▶ _Data for analysis_:

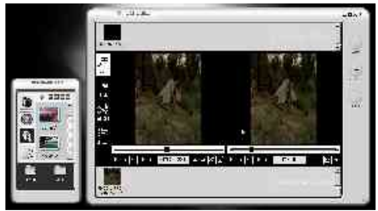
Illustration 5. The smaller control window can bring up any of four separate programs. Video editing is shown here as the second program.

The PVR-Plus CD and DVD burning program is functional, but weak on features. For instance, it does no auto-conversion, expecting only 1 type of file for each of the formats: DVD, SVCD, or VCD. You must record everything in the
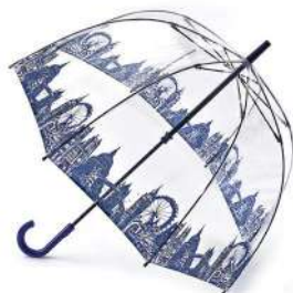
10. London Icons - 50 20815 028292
==
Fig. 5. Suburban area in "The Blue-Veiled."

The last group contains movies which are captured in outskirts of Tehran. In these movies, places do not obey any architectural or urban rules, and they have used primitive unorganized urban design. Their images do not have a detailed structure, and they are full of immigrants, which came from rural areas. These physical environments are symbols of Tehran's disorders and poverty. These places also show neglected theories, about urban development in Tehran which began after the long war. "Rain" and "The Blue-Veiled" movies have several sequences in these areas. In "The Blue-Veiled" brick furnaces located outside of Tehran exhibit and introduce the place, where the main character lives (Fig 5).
==
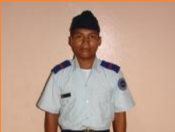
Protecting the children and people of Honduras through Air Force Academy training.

▶ _Task_: Your answer must be the lines above from the one holding "The PVR-Plus CD" up to and including the one holding "10. London Icons - 50 20815 028292", exact and with no pictures.

▶ _Response area_:
The PVR-Plus CD and DVD burning program is functional, but weak on features. For instance, it does no auto-conversion, expecting only 1 type of file for each of the formats: DVD, SVCD, or VCD. You must record everything in the
10. London Icons - 50 20815 028292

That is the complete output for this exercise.